Current research suggests that personification theory and reputation reciprocity can jointly explain the different sharing behaviors of individuals toward human and robot partners in team sharing (Shi et al., 2010). Even if robots are anthropomorphized, it is difficult for humans to naturally expect to establish long-term reciprocal relationships with robots when confronted with both humans and robots. Therefore, they will not gain recognition from robots for their sharing behaviors and have a strong expectation of obtaining more cooperation and sharing from robots in the future, that is, humans will show different sharing behaviors when confronted with human and robot partners.

1.4 The present study

When robots have the autonomous ability to integrate into human society, they can form teams with humans and become partners to complete tasks together (De Cremer and Mulder, 2007). In human-robot teams, robots exhibit anthropomorphic behaviors such as understanding tasks, sharing resources, and providing assistance. These anthropomorphic behaviors enable humans to naturally interact with robot partners and make humans willing to share with robot partners. Even though humans and robots can interact more like human teams, in human-robot teams, it is still difficult for humans to place their human and robot partners in the same position, and there is no instinctive response to robots like there is to humans (Rosenthal-von der Pütten et al., 2013), which means that there may be differences in sharing behaviors when confronted with robot and human partners, and there are differences in the constraints of morality and reputation on sharing behaviors between human-robot teams and human teams. To deeply and systematically explore this question, this study adopts the dictator game experimental paradigm to conduct three experiments in sequence. The first experiment aims to explore whether there are differences in sharing behaviors between human-robot teams and human teams. The second experiment further explores whether sharing behaviors in human-robot teams are influenced by moral constraints and reputation constraints. Finally, the third experiment aims to reveal the mechanisms by which the sharing behaviors of human-robot teams are influenced by morality and reputation.

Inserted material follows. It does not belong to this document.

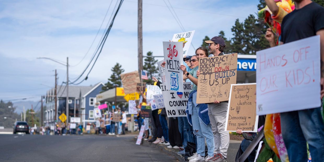 In Lincoln City, at least 1100 took to the street. Protestors included a zebra, cat, bee, eagle, frog, rooster, two handmaids, shark, T-Rex, eagle, flamingo, hippo, two unicorns, cowboy, clown, and a bagpiper.

1.5 Purpose and hypotheses

Robots and humans have inevitably come together as teams to complete tasks and share resources (Correia et al., 2019). The appearance and behavior of robots can be very similar to humans, and we treat robots as if they possess human attributes, including morality (Coeckelbergh, 2014). The process of human-robot interaction is partially dominated by interpersonal norms and expectations (Banks, 2021). Humans attribute emotions and intentions to robots (Coeckelbergh, 2014), but the social norms imposed on robots and humans may be different; that is, humans may not be able to treat robot partners and human partners equally. It is currently unclear whether human sharing behaviors toward robot partners differs from those toward human partners. Therefore, Experiment 1 will explore this question, Hypothesis 1 is proposed:

H1: There is a difference in human sharing behaviors when the agents are robots and humans.

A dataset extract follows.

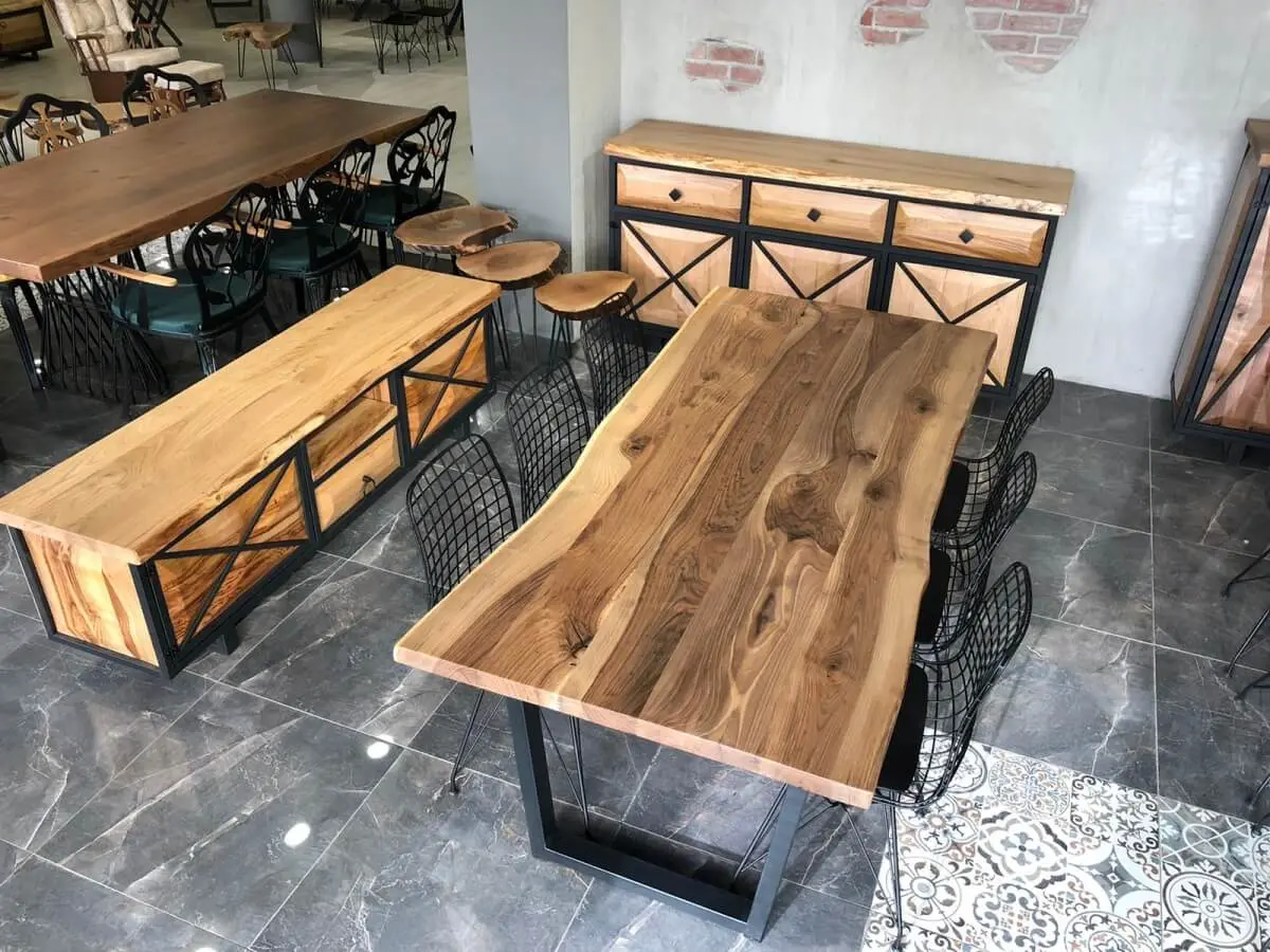 Ahşap Yemek Masası Takımı – Metal Ayaklı Kütük Masa

In human teams, social norms influence sharing behaviors, and morality and reputation are two important foundations. Morality influences team behavior, and any sharing behaviors are considered to follow moral rules. Compared to machine decision-making, people often make economically more unfavorable decisions because they are influenced by morality when making decisions. Individuals consider ethical norms when sharing resources with human partners, exhibit more sharing behaviors, and reduce selfish behavior, even if it contradicts their personal desires (Gummerum et al., 2010). However, it is not yet certain whether moral constraints equally affect the behavior of sharing with robot partners.

In addition, reputation plays an important role in interpersonal cooperation (Malle et al., 2015). For the sake of a good reputation, people act in a more altruistic way (Piazza and Bering, 2008) or learn to behave more selflessly when their reputation is threatened (Benenson et al., 2007). The focus on reputation in human teams promotes sharing behaviors. However, it is not yet certain whether reputation constraints equally affect the behavior of sharing with robot partners.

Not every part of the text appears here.